Big duh, on my part  You're right. How would they send the signal if I was on the phone with them? Doesn't make sense, does it? From what I gathered, though, they do send a signal to your R15 to activate its DVR services. I was also going to mention the caller ID... but since it's not working correctly on either of my R15s I put it aside... I never really had much of a hassle with any of my installers about a phone line being near any receiver.


----------



## paulman182 (Aug 4, 2006)

My installer told my wife D* would hold back $70 of his install fee if he did not connect the receivers to a phone line. He ran three new phone lines to my bedrooms and living room. Honest!


----------



## qwerty (Feb 19, 2006)

They get paid by the install. If they come to your house, they're going to do (pretty much) what it takes. I'm suprised at running phone lines, though. I would think someone is assuming some liability if something were to go wrong.


----------



## paulman182 (Aug 4, 2006)

Something did go wrong. He stripped too much wire back inside the phone box and the line shorted out the next day--no phone till I got home to fix it.

However, his install was a lot neater-looking that mine would have been, and I was happy to get phone jacks in those locations with no work on my part.

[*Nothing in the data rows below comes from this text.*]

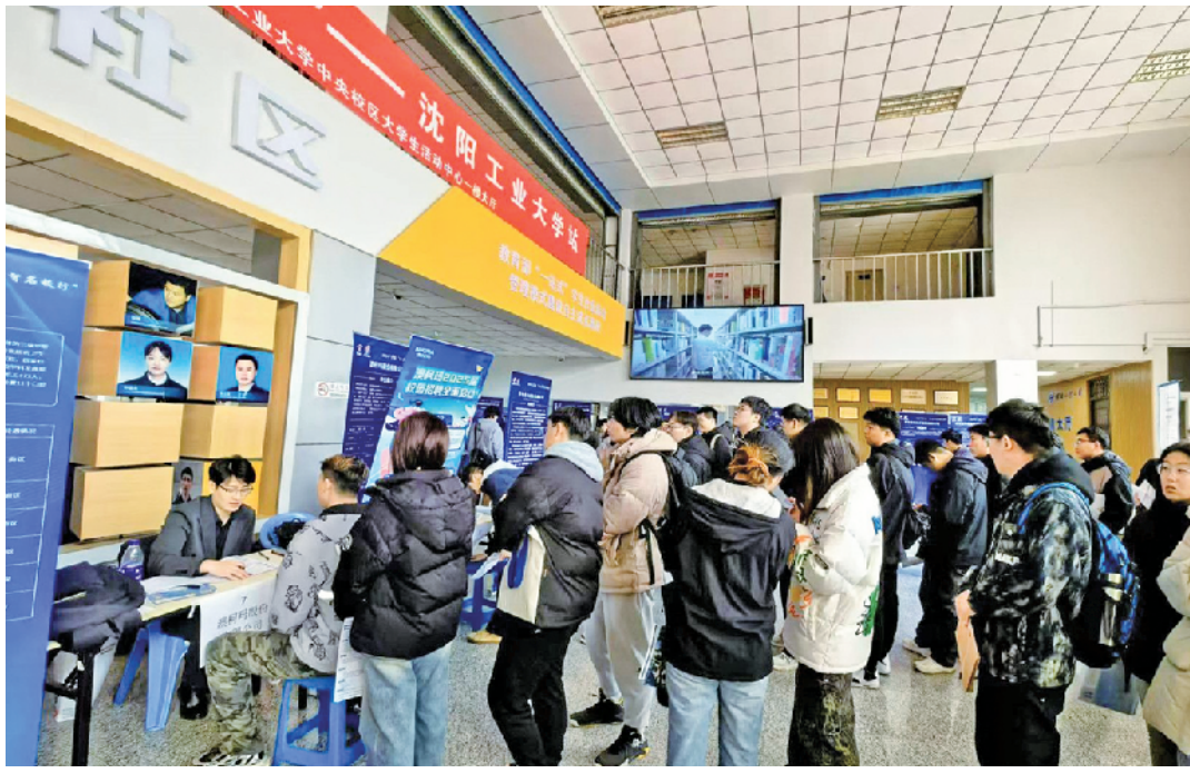
2025年青岛“招才引智名校行”活动现场。
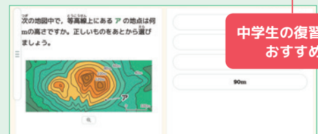
地図の見方 | 等高線の例
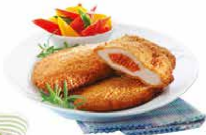
Pan. Kolbásszal tölt. sertéskaraj 12x750g
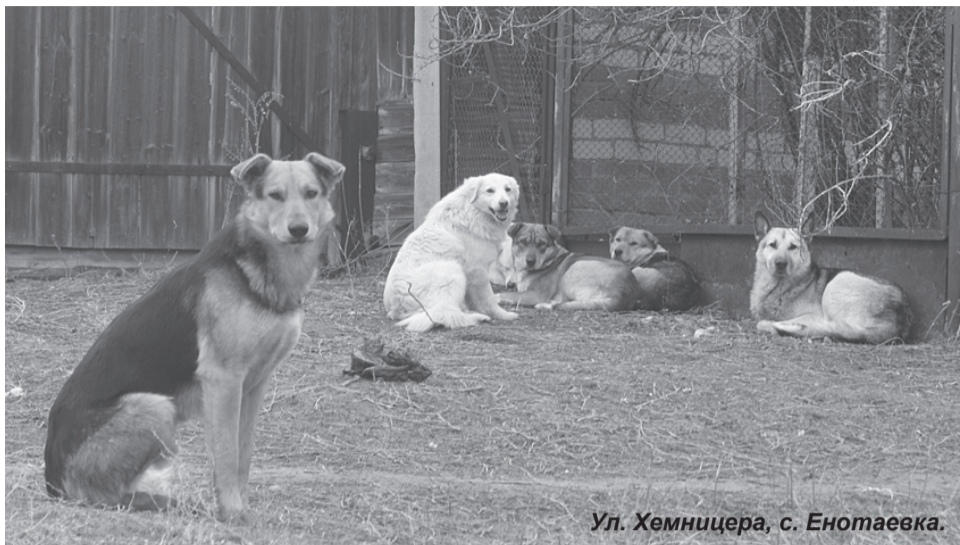
Ул. Хемницера, с. Енотаевка.

- Когда же местная власть наведёт порядок в селе с бродячими собаками? – взволнованно спрашивала пожилая женщина, придя к нам в редакционный отдел. - На днях одна из них укусила мою внучку, теперь она получает 40 уколов противостолбнячной прививки. А как потом эта вакцина от бешенства отразится на её здоровье – одному Богу известно. И таких укушенных в селе много. Мало того, что «бродяжки» сбиваются в агрессивные стаи, к ним зачастую присоединяются и домашние псы, выпущенные сердобольными хозяевами порезвиться на улице. Раньше такого обилия собак на улицах Енотаевки не наблюдалось. Почему же последние несколько лет пешим енотаевцам всё труднее пройти по селу, не опасаясь за своё здоровье?
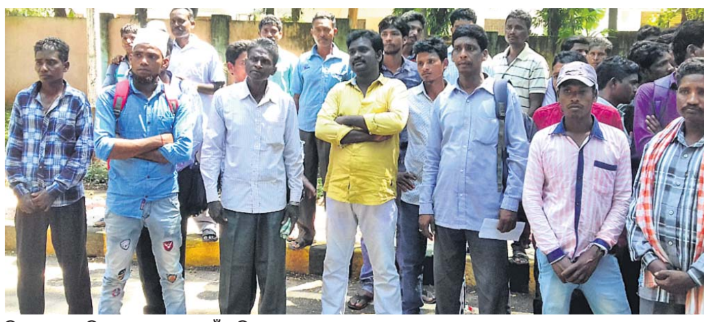
ଜିଲ୍ଲାପାଳଙ୍କୁ ଅଭିଯୋଗ କରାଯାଇ ପାଇଁ ଆସିଥିବା ଗ୍ରାମବାସୀ।

ଗଜପତି ଜିଲ୍ଲା ନୂଆଗଡ଼ ବ୍ଲକ ଅଧୀନ ୬ଟି ଗ୍ରାମ ଅଭିଲିଖା, ପାଳକପଦା, ଚାନ୍ଦିଆପାହା, ଡେକାପାଳୀ, ବୁର୍ଲାପେଟା, ରାମଗିରି ୧୩୦୦୦ ଉର୍ଦ୍ଧ୍ଵ ପରିବାର ନିଜ ପଞ୍ଚାୟତ ପରିବର୍ତ୍ତନ ଦାବିରେ ଗୁରୁବାର ଜିଲ୍ଲାପାଳଙ୍କ ଦ୍ଵାରସ୍ଥ ହୋଇଛନ୍ତି।
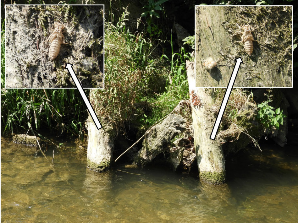
Abb. 16: Exuvien von Onychogomphus forcipatus an einer Wurzelstockbuhne (Strecke B), 20.6.2019. / Exuviae of Onychogomphus forcipatus at a rootstock-groyne (stretch B).

forcipatus waren an Strecke A am 6.7. (Abb. 15) und an Strecke E am 25.7. nachweisbar. Gomphus vulgatissimus trat an den Strecken A, B und E auf, an B und E sicher bodenständig. Sichtungen frischgeschlüpfter Individuen an den Strecken B und E und adulter Imagines (Abb. 17) erfolgten ausschließlich am 1.6. und 3.6. An den Strecken mit geringer oder fehlender Strömung (C und F) wurden keine Gomphiden gesichtet.
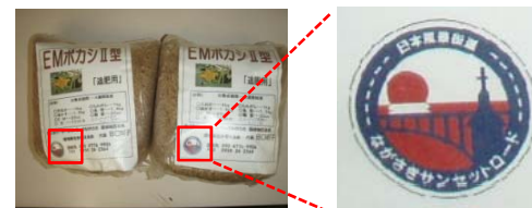
【▲ロゴマークを添付】

西海地区の屋台では、生ゴミ処理剤の表紙に風景街道「ながさきサンセットロード」のロゴマークを付けてあり、認知度向上へ取り組まれてあります。
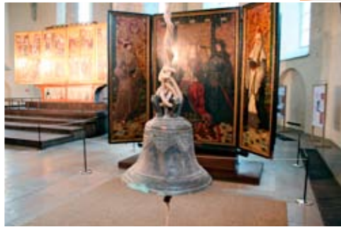
Tallinna toomkiriku kell, 1722
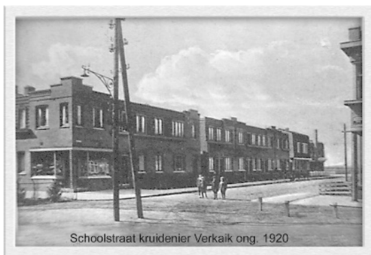
Afb. 3. De Korenbloemstraat, vroeger Schoolstraat of ook wel Spoorstraat, naar het spoor in de verte.
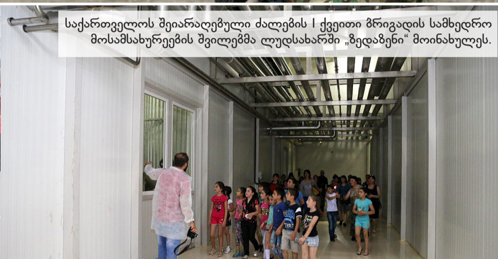
საქართველოს შეიარაღებული ძალების | ქვეითი ბრიგადის სამხედრო მოსამსახურეების შვილებმა ლუდსახარში „გედაგენი“ მოინახულეს.
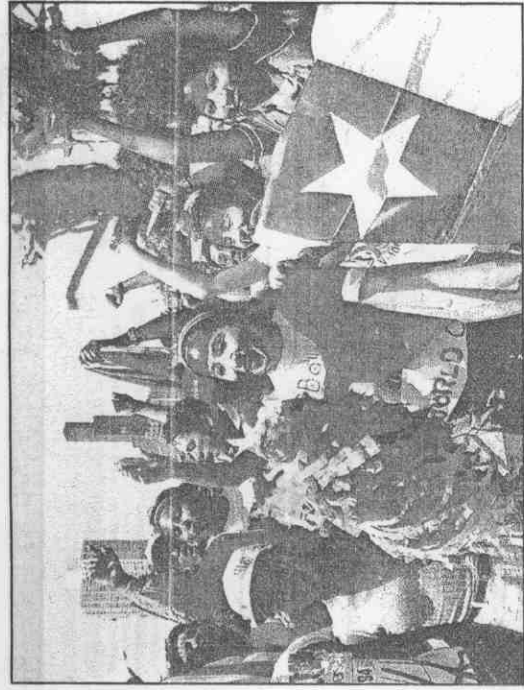
↑玻利維亞球迷，在玻隊出戰西班牙的比賽開打之前，在場外搖旗吶喊，為玻隊加油助陣。
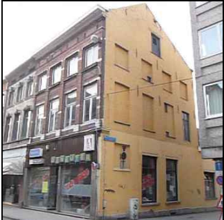
Afbraak Den Bollaert, historisch waardevol pand, hoek Diestsestraat - Lepelstraat

Het LHG wordt meer en meer door Leuvenaars verwittigd van de afbraak van waardevolle panden. Zo is in de Diestsestraat het linkerdeel van Den Bollaert (links), 17de-eeuwse woning, in de inventaris van het bouwkundig erfgoed opgenomen, afgebroken.
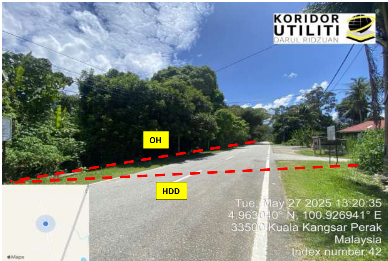
A303, JALAN KAMPUNG NGOR
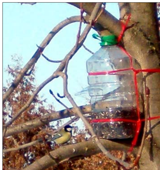
Szorgalmasan látogatják az etetőket a cinkék.
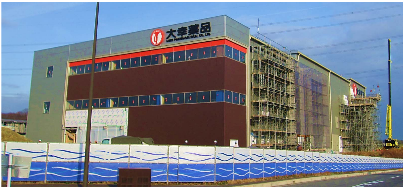
建設中の新工場(2015年1月時点)

Don't mean to hijack the thread--I guess this is not off-topic. Tomorrow I'm supposed to have an additional R15 installed in a room with no phone line. If a different installer comes, he'll probably not put a phone jack in, right? That is an unusual thing?


----------



## jpl (Jul 9, 2006)

I don't want to get off-topic either, but one quick tale. When we got our tivo installed 3 years ago, the installer did some work with our phone lines as well... at least I THINK it was him. Either that, or some stranger broke into our house and did the work  Before we signed up for D* (4 years ago) I heard that we needed phones near each receiver, so I tapped into our phone line and installed them myself. The splicing I did was less than professional - I, uh, used electrical tape to make the connection. It's all in my crawl space so I didn't worry about it.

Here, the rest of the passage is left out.